Я встретил его, выпив полбутылки местного рома, на пляже далекого тропического острова. Дед широко шагал по песку мне навстречу. Был он в свободных белых брюках для занятий lown-tennis’ом, в белой сорочке-безрукавке, в добела начищенных зубным порошком парусиновых туфлях. У него была ухоженная седоватая бородка – в такой играл Дон Кихота Черкасов. Высок и очень худ. Тогда я разглядел даже желтую от возраста плоскую пуговицу, на какую был застегнут его пояс: как ей было не пожелтеть за истекшие три четверти века.

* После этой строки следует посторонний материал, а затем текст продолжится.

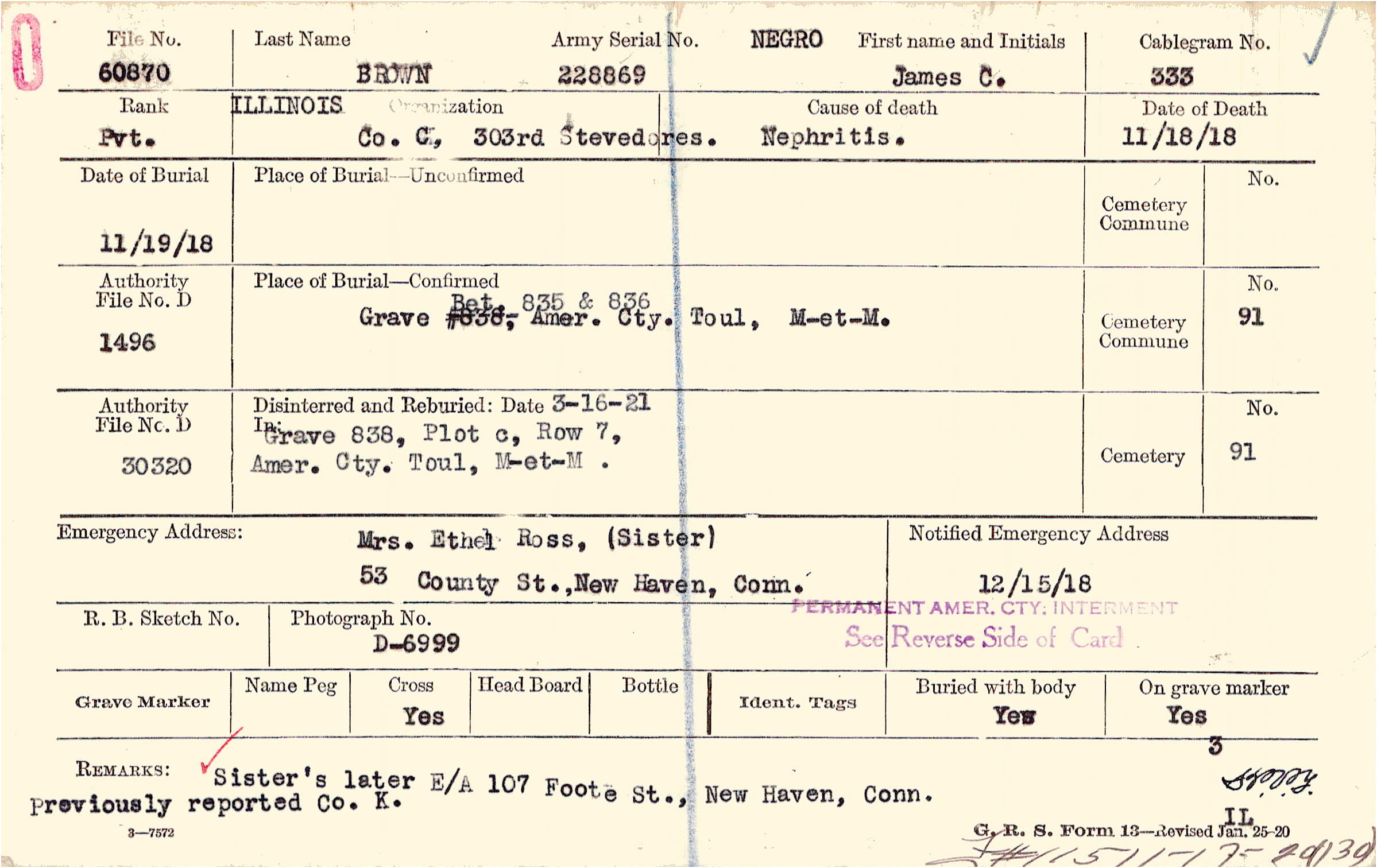 Sister's later E/A 107 Foote St., New Haven, Conn. Previously reported Co. K., F#115 11-17-20-(139)
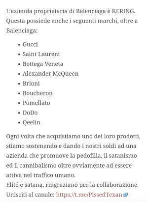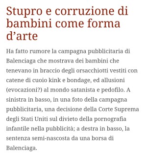 Le teoria di Blondet è che Balenciaga inviti lo «stupro» dei bambini:

Поскольку Иозефа забрали как раз на выходе с корта, – возможно, обыск в доме хотели произвести в его отсутствие, – в этих самых белых штанах в одной из нижних камер Лубянки он дожидался расстрела почти три года. Думаю, его держали так долго в живых, используя для своих целей, в качестве ходячего энциклопедического словаря (1). Его дочь и моя мать в недолгий просвет общей несвободы, поймав краткий миг послаблений, получила на Лубянке на час дело своего отца. Возвращая папку, спросила молоденького румяного следователя: его били? Таких людей бить бесполезно, отвечал тот.

Мой недолгий тюремный опыт подсказывает, что в камере настроение заключенного попеременно меняется от тоски, уныния и апатии, до всплеска готовности к отчаянному сопротивлению. А подчас прилив бодрости и надежды оборачивается неуместной веселостью. То есть, в конечном счете, узник переживает в обостренной форме перепады тех же настроений, что попеременно охватывают нас в повседневности.

Я сидел в настолько набитой камере, что всем хулиганам не хватало места на нарах. Заключенных этого рода называли тогда декабристами, по месяцу издания соответствующего Указа. И, прежде чем втиснуться между других немытых теплых тел, нужно было какое-то время побыть вертолетчиком, поспать на деревянном пляжном лежаке, положенном на ледяной бетонный пол. Лежак ты сам приносил вечером, а после побудки относил в штабель в конце тюремного коридора.

Дед – звали его Иозеф М. – первые три месяца, пока еще доходили передачи от жены Нины, моей бабки, сидел один в двухместной камере. В том году согласно справке Наркомата продовольствия ведомство Микояна выпустило тысячу шестьсот сортов мясных изделий. Колбас и сосисок. Жить стало веселее. Была половина сентября, и в камере было холодно. Следователь позволил Иозефу пользоваться вторым одеялом, свернутым на соседнем топчане. Хоть и были одеяла из мягкой байки, но эфемерны от изношенности, все в жестких, колючих катышках. Спасением было то, что Нина в первой из двух передач, что были дозволены, успела передать деревенской вязки толстые шерстяные носки.

При его обостренном обонянии, в первые дни ему был мучителен запах возвращенной надзирателем, обмытой с хлором параши: параша, несмотря на поспешную дезинфекцию, пахла мочой. К этому букету Иозеф, имевший некогда солидную практику в анатомическом театре, долго не мог привыкнуть. Запах морга казался переносимей, чем тюремный. Первые дни он не мог есть, тем более что сталинская шрапнель, как именовали зэки здешнюю кашу, была неудобоварима. Но потом привык.

После первых двух допросов следователь дозволил ему также получить из дома единственную книгу – английскую Holy Bible[1]. Как иностранцу. Притом, что Иозеф был атеистом и подневольно читал Библию лишь в позднем итальянском детстве, потом в одесской закрытой школе иезуитов, где пребывал меньше года, он был рад поблажке.

Днем в камере стоял какой-то неясный гул. Возможно, это были звуки тюремной жизни. Многонаселенная тюрьма отнюдь не мертвый дом, здесь идет вседневная бодрая жизнь: что-то лязгает и падает с грохотом, кто-то кричит, воет и поет, орут конвоиры, слышен визг пилы и удары молотка на строительных работах по оборудованию новых камер и карцеров. Стены гудят от стука алюминиевых мисок. И визжат по коридорному каменному полу тяжелые молочные бидоны, в которых волоком доставляют пищу в камеры… Отголоски этой шумной дневной жизни просачивались даже сюда, в нижний подвальный этаж Лубянки.

Ночью же гудела сама тишина. И, казалось подчас, гудел негаснущий слепой желтый свет подпотолочной лампочки в металлическом решетчатом наморднике.

Навязчивый звук мертвой тишины подчас вызывает физические ощущения разного рода. Иозеф в полусне испытывал легкую качку. И тогда камера представлялась ему тесной каютой, которую он, единственный врач на корабле-барже, носившей имя Fortunato, делил с корабельным коком.